I'm not currently using any functional languages like Haskell and Lisp, but I'm certainly comfortable with them. I'm certainly no Haskell guru, but I'm good enough to use higher-order functions, ADTs, monads, etc. While I have a good grasp of functional programming concepts now, I had to travel a long, hard road to get to this point.
Picture if you will a programmer with a C-family background discovering Haskell for the first time. He's heard some smart people talk about how cool it is, and it says right there on haskell.org that it will substantially boost your productivity, so he momentarily puts down his Java Enterprise Web Framework With a Really Long Name and starts reading a Haskell tutorial.
At first, everything goes well. He's impressed by the fact that you don't have to constantly compile code to see the effects of your program. But after using the REPL as a calculator for a few minutes, he decides to check out how you write Hello World. This is where things start going downhill.
He notices that the chapter on I/O is tucked away in the Advanced section. Curiously, he flips to it and discovers, not an explanation of console and file I/O, but a disscussion of type classes, monads, and the like. He wonders if everything will make more sense if he just visits the appropriate chapters, but no luck; Haskell looks like one big incomprehensible mess. Our imperative programmer goes back to his Java Enterprise Framework, and that is the end of that.

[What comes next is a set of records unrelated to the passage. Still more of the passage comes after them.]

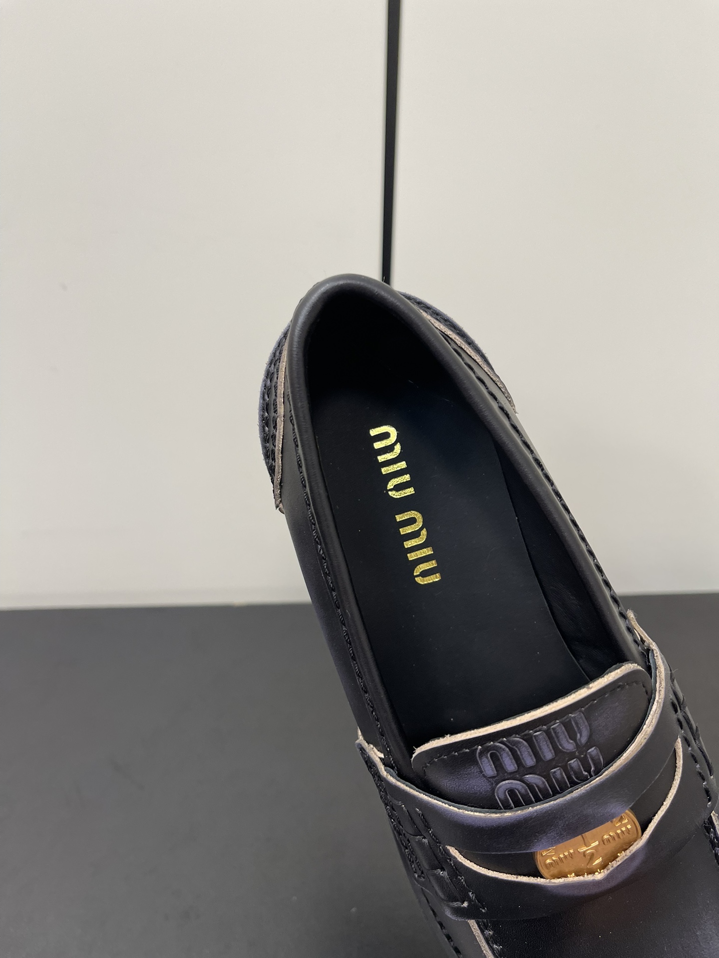 这款鞋子是AAAAA 1:1 质量 (非常棒). 使用了和原版一模一样的材料. 商标部分也保持了和缪缪/Miu Miu一样. 图片拍摄是实物鞋子拍摄, 您所收到的实物保证和我们图片一模一样.
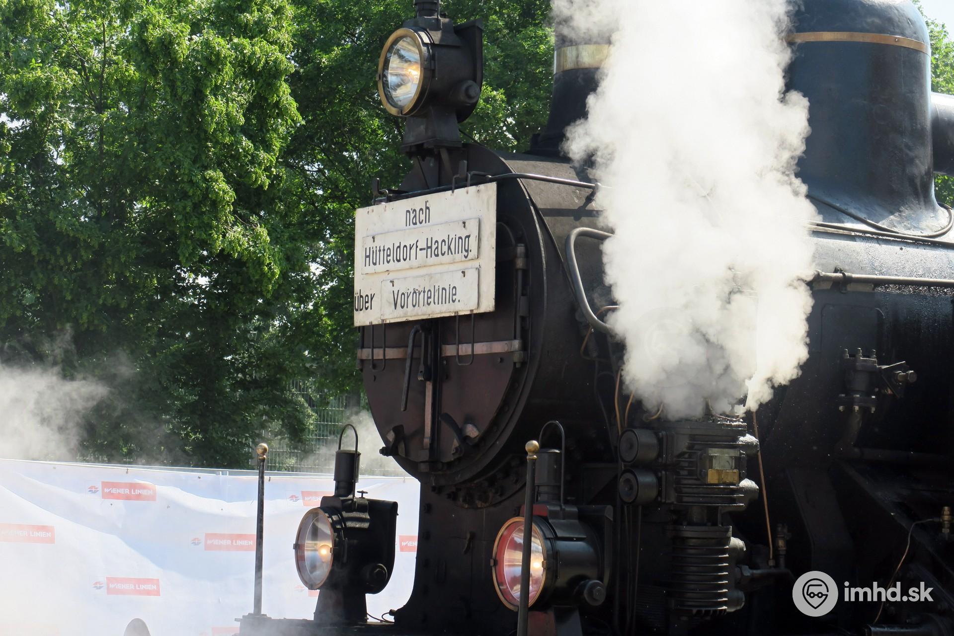 Historická linková tabuľa na čele rušňa vlaku predmestskej linky (dnešná S45).
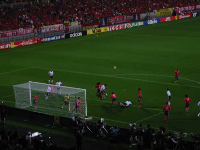 Die Deutschen standen wie immer recht schnell unter Druck gegen die flinken Koreaner. Doch die Abwehr stand doch recht fest mit Olli Kahn. Wie hier hatten wir nach Eckbällen auch ab und zu unsere Chancen. |
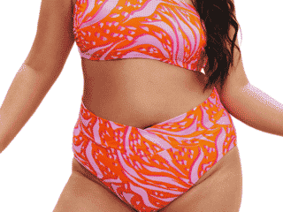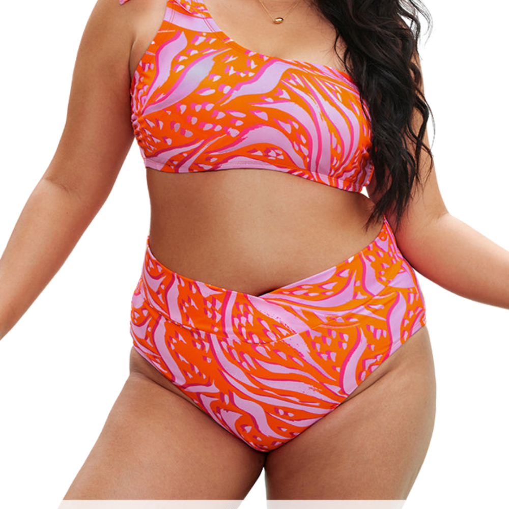 I have a LOT of favorite swimsuits from Cupshe, but this is one that I know this high-waisted bikini is one I’ll be wearing a lot this summer. The color palette and design spark so much joy, it fits my curves perfectly and the bikini top looks great with denim shorts or white coverups.
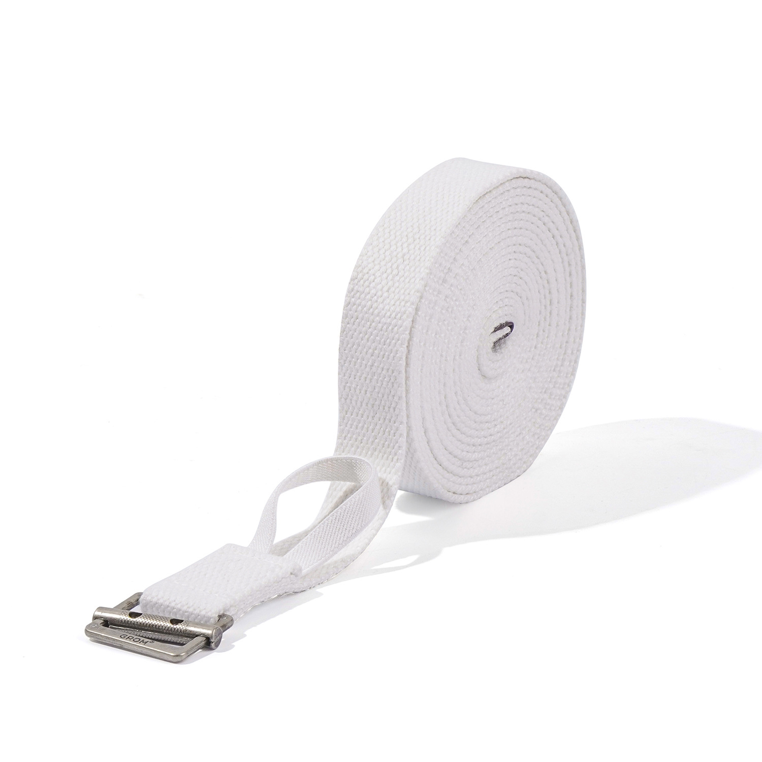 伸展带一般又称为是瑜珈绳,不具弹性,除可帮助筋骨伸展及延长姿势停留的时间外,还可藉由伸展带仅实地扣住身体,让二隻手可以空出来,做尽情的延展动作。在练习腰部弯度或腿部伸展动作时,可作为提脚或是腰部依靠力之用!
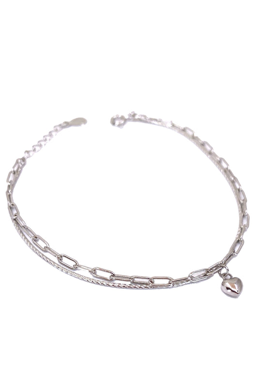 Taşsız Kalp Detay Geo İki Sıra Gümüş Bileklik
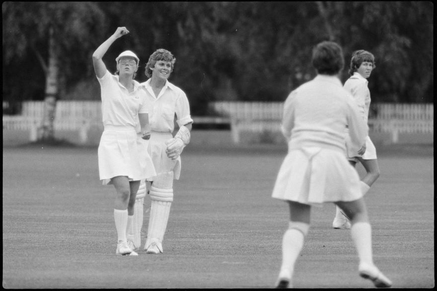 This image was taken (but not used) by the Evening Standard on 19th of January 1982. It depicts the Manawatū women’s cricket team taking on the Australian women’s team in a limited over warm-up match for the Hansell's Vita Fresh Women's World Cup 1981/1982. The match was held at Ongley Park in Palmerston North. The Australian team won by 202 runs. The match report ‘Aussies too polished in all facets’ was written by Ford Watson and published the next day:
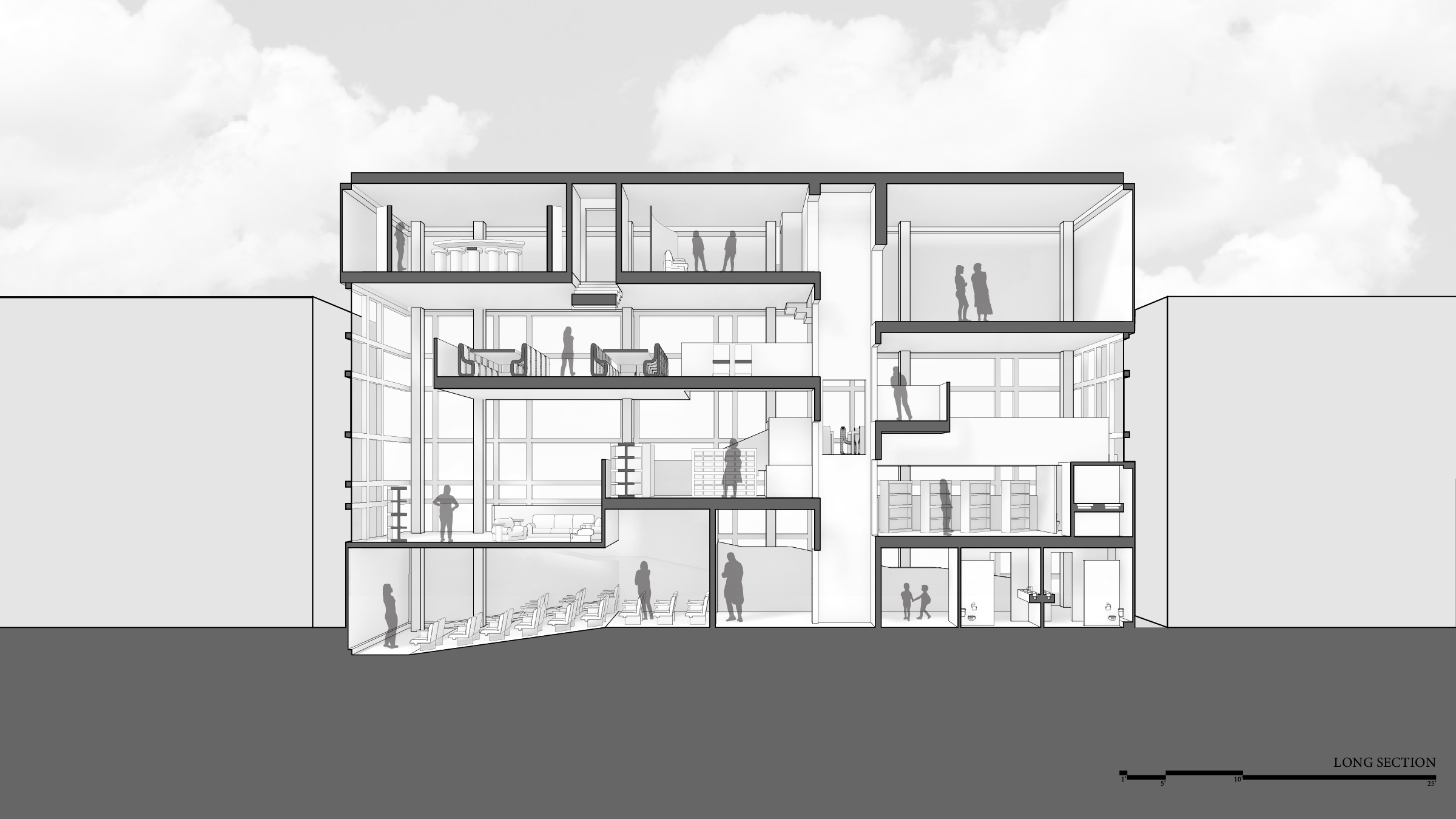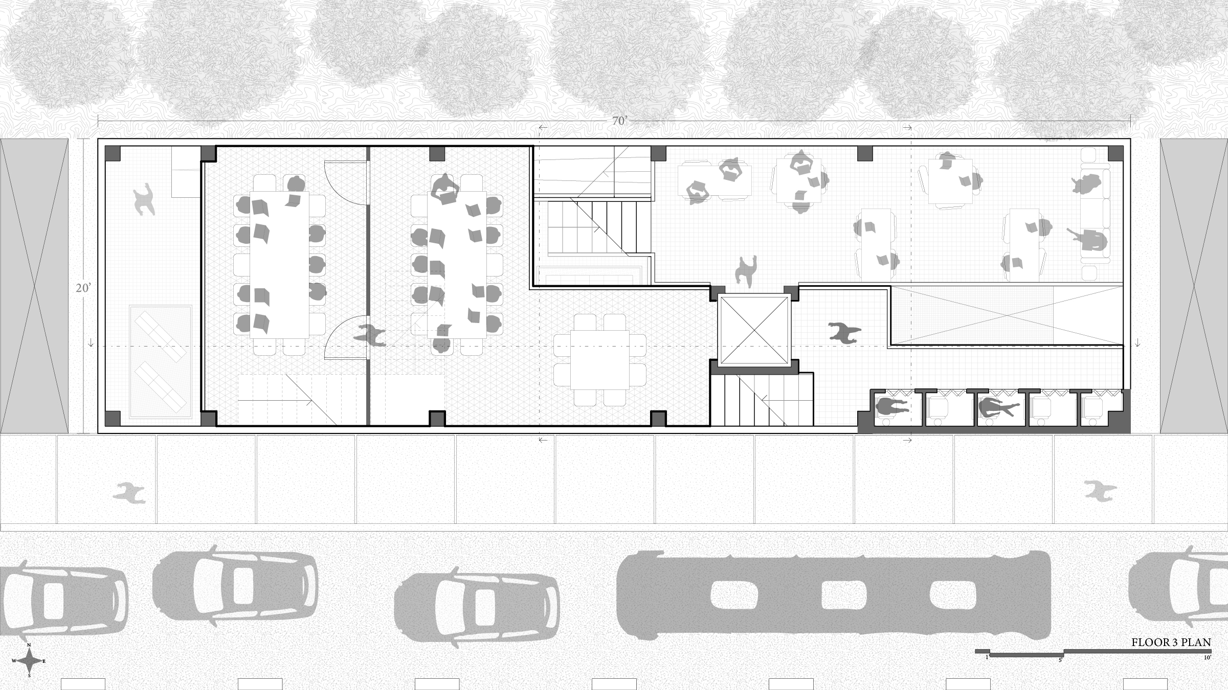 Third floor plan of proposed building (parameters of 70'x20') :: Third floor includes meeting spaces, private viewing booths, a work study area, and leisure/circulation spaces that overlook each other

It's very difficult for a programmer used to imperative programming to find a good Haskell tutorial, or a good tutorial on any other functional language for that matter. It's not that they explain Haskell badly; many of them explain it rather well. It's just that they explain the wrong parts of Haskell. Procedural programmers are more often interested in how to do I/O and create GUIs rather than in how to use Parsec or write monads.
This is one of the major barriers to adoption of the more esoteric languages; lack of learning material for "normal people". To rectify this, I thought about how I would write a Haskell tutorial.